## TO DO
Going line by line through the records below, write out everything starting with the line containing "Duas pessoas ficaram" and going on through the line containing "- Takamuro, D.;", exactly and inclusively. Pictures do not go in.

## SOURCE INFORMATION
-.-.-

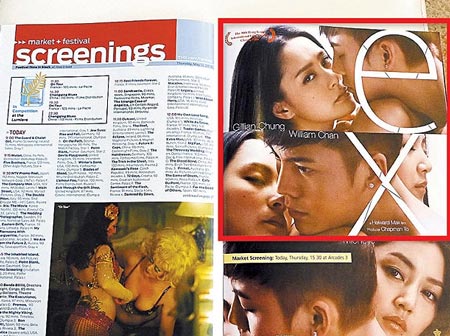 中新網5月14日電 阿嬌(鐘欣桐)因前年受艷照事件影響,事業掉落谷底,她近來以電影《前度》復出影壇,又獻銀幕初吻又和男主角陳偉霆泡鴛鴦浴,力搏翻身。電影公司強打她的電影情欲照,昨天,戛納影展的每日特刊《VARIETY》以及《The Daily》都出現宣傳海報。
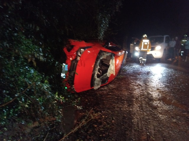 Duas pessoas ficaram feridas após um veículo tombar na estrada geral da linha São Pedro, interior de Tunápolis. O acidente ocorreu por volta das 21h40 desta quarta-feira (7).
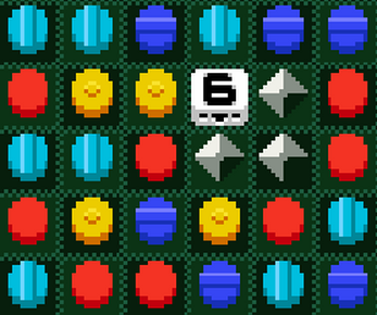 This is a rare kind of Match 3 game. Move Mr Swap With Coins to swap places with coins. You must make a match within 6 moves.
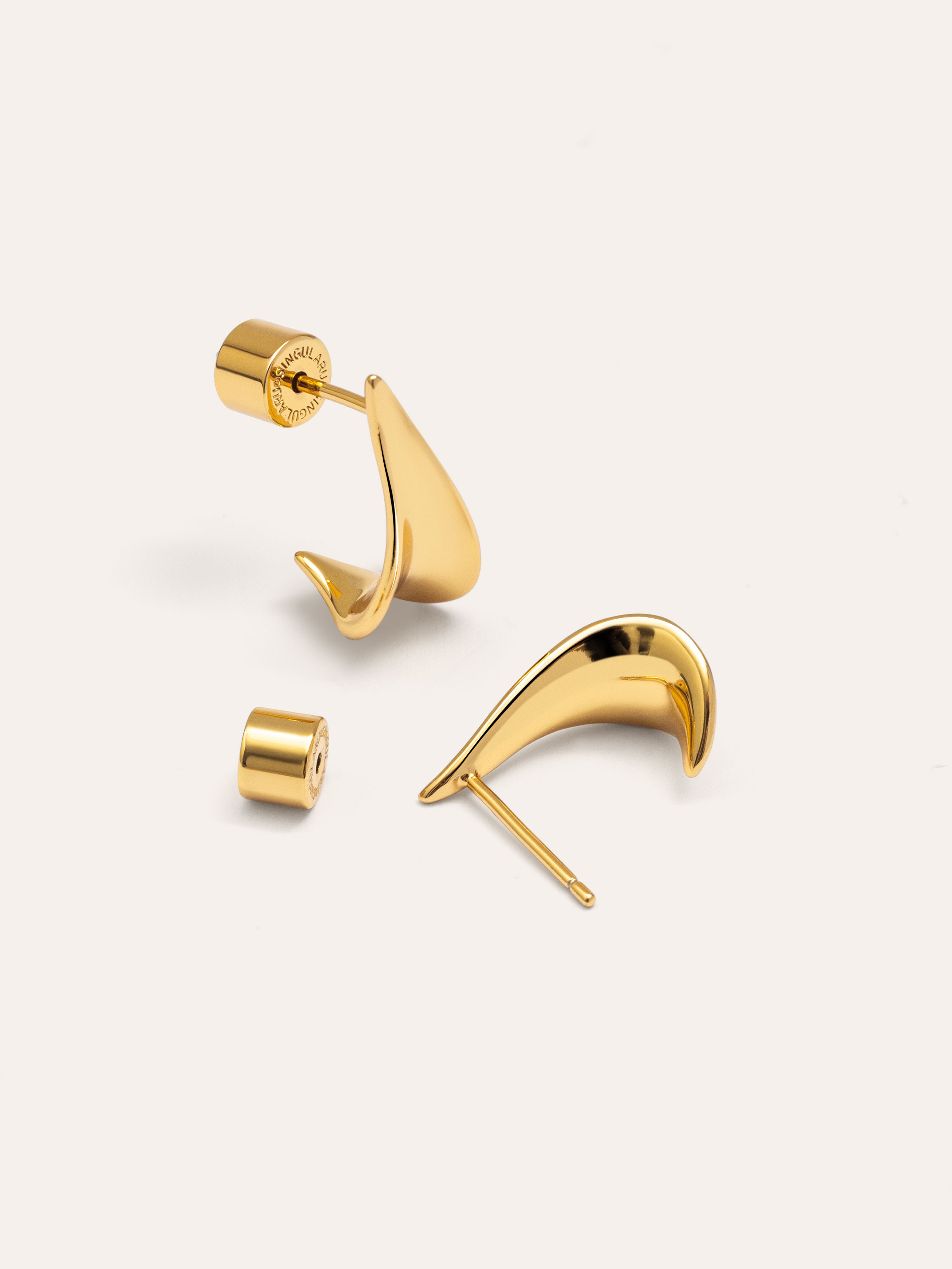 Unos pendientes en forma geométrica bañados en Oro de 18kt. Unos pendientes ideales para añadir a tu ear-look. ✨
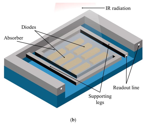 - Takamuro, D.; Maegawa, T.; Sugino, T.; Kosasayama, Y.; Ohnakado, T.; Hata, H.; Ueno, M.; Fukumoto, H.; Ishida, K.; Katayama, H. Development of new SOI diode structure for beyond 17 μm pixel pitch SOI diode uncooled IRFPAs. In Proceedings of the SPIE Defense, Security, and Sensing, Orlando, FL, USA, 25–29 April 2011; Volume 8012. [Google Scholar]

-.-.-

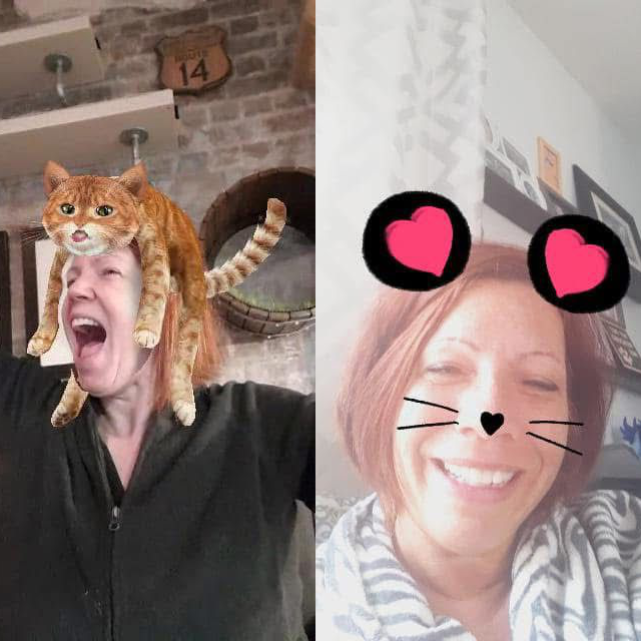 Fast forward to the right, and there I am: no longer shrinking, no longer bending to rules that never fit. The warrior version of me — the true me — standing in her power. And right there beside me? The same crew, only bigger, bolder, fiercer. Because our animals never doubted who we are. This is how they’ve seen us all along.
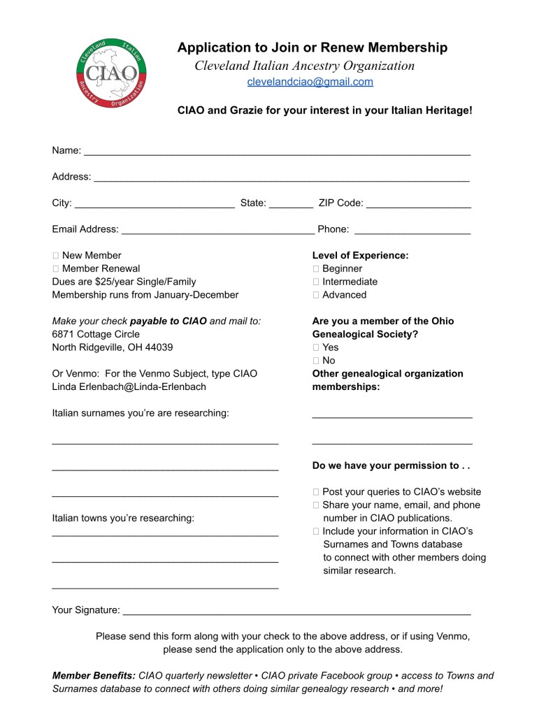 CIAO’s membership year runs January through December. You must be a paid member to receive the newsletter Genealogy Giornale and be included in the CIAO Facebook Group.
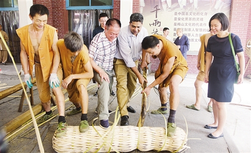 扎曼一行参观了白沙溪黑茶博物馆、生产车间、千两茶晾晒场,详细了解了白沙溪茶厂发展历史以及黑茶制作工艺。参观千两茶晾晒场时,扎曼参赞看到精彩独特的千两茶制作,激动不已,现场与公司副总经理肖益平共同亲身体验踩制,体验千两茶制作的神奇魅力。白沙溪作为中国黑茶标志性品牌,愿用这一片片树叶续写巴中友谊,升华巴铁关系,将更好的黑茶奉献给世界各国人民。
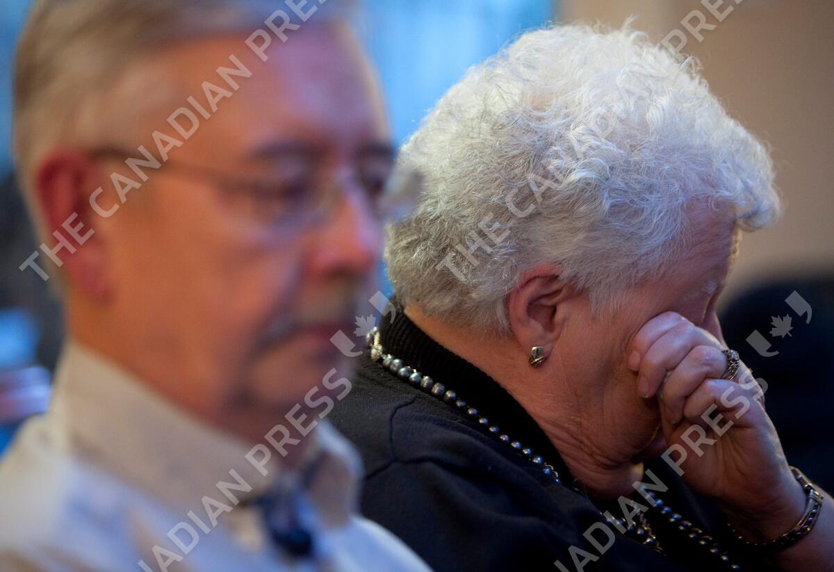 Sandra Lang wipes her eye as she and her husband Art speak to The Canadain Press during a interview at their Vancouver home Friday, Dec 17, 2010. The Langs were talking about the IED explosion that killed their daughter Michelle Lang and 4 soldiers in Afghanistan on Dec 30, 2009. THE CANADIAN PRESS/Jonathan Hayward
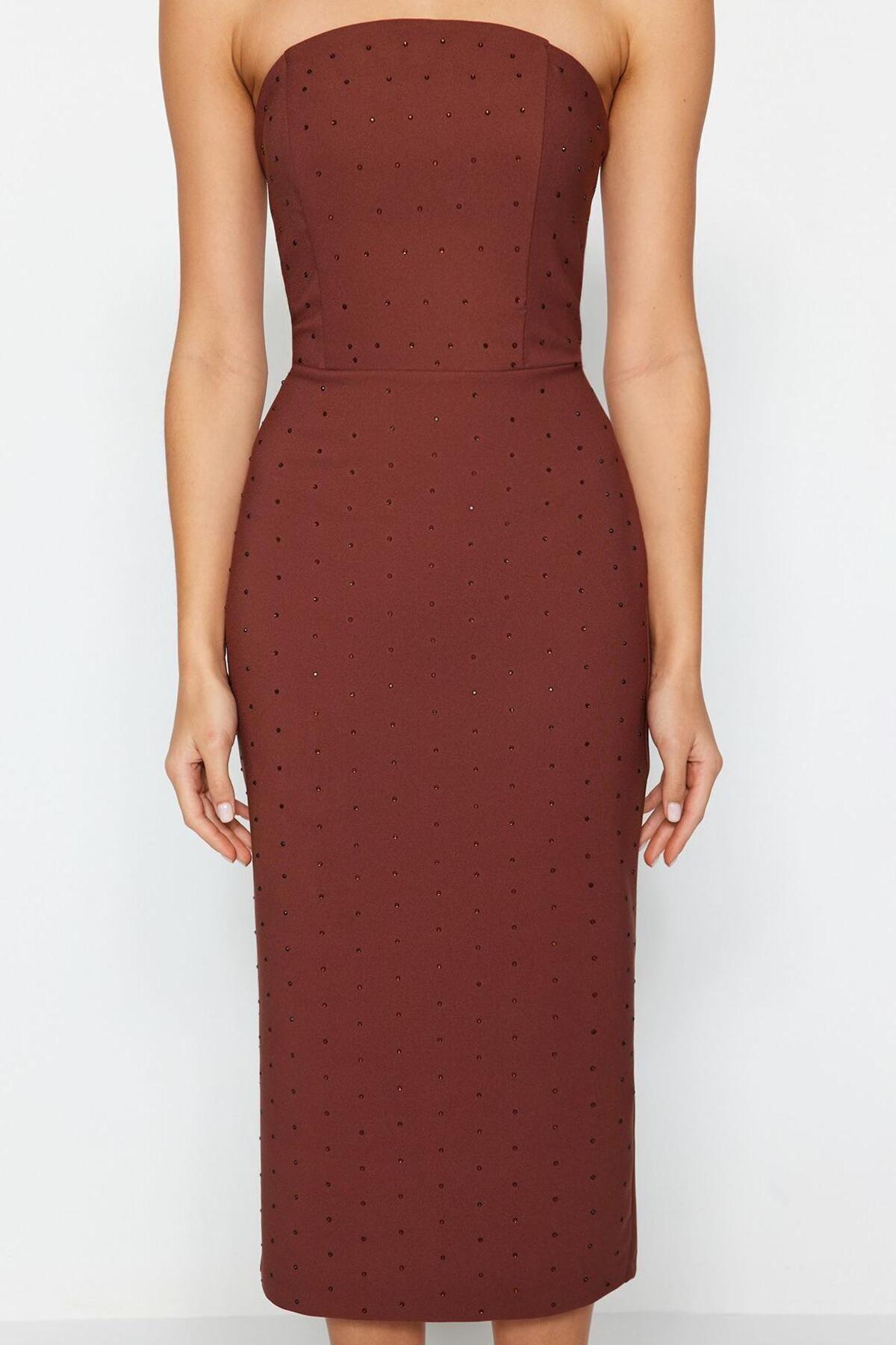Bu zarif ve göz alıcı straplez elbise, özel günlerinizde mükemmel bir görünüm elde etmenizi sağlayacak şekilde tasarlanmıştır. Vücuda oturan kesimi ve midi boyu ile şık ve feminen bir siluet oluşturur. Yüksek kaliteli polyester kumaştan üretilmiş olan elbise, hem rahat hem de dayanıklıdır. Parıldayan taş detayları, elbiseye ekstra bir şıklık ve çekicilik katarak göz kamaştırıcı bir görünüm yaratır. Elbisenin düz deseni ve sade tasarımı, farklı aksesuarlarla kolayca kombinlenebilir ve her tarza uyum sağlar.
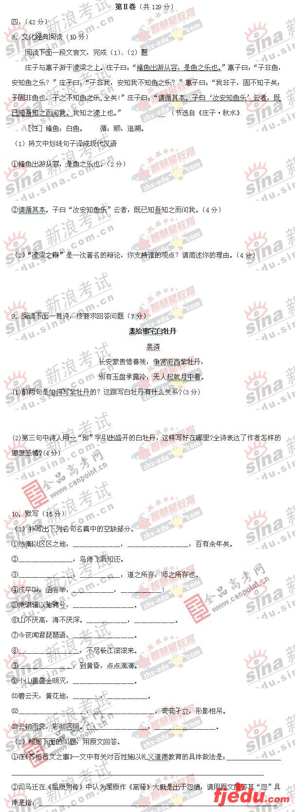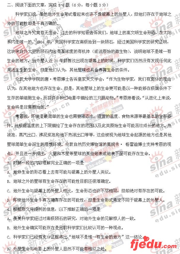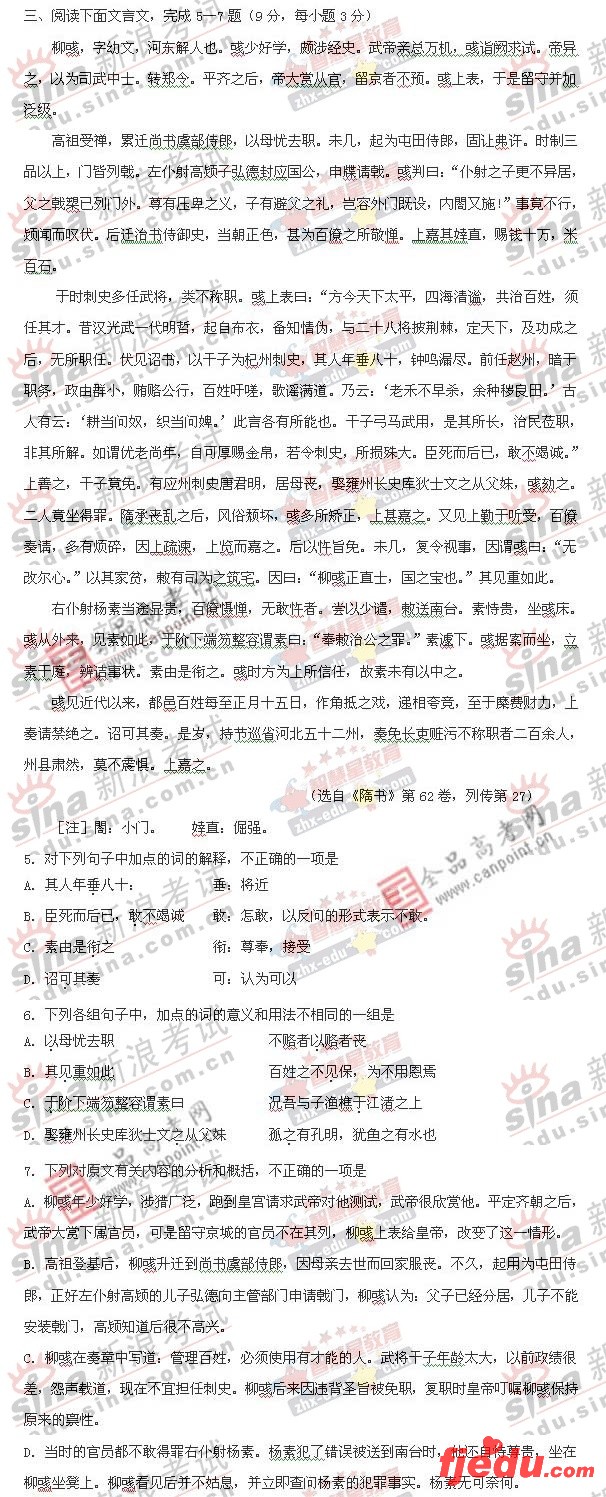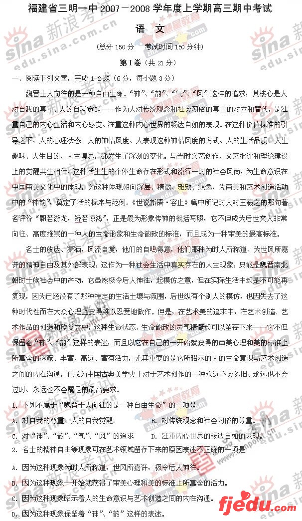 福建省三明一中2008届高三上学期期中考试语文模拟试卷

-.-.-

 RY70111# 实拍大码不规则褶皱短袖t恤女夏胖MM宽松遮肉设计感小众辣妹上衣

-.-.-

## ANSWER TO THIS PROBLEM
 Duas pessoas ficaram feridas após um veículo tombar na estrada geral da linha São Pedro, interior de Tunápolis. O acidente ocorreu por volta das 21h40 desta quarta-feira (7).
 This is a rare kind of Match 3 game. Move Mr Swap With Coins to swap places with coins. You must make a match within 6 moves.
 Unos pendientes en forma geométrica bañados en Oro de 18kt. Unos pendientes ideales para añadir a tu ear-look. ✨
 - Takamuro, D.; Maegawa, T.; Sugino, T.; Kosasayama, Y.; Ohnakado, T.; Hata, H.; Ueno, M.; Fukumoto, H.; Ishida, K.; Katayama, H. Development of new SOI diode structure for beyond 17 μm pixel pitch SOI diode uncooled IRFPAs. In Proceedings of the SPIE Defense, Security, and Sensing, Orlando, FL, USA, 25–29 April 2011; Volume 8012. [Google Scholar]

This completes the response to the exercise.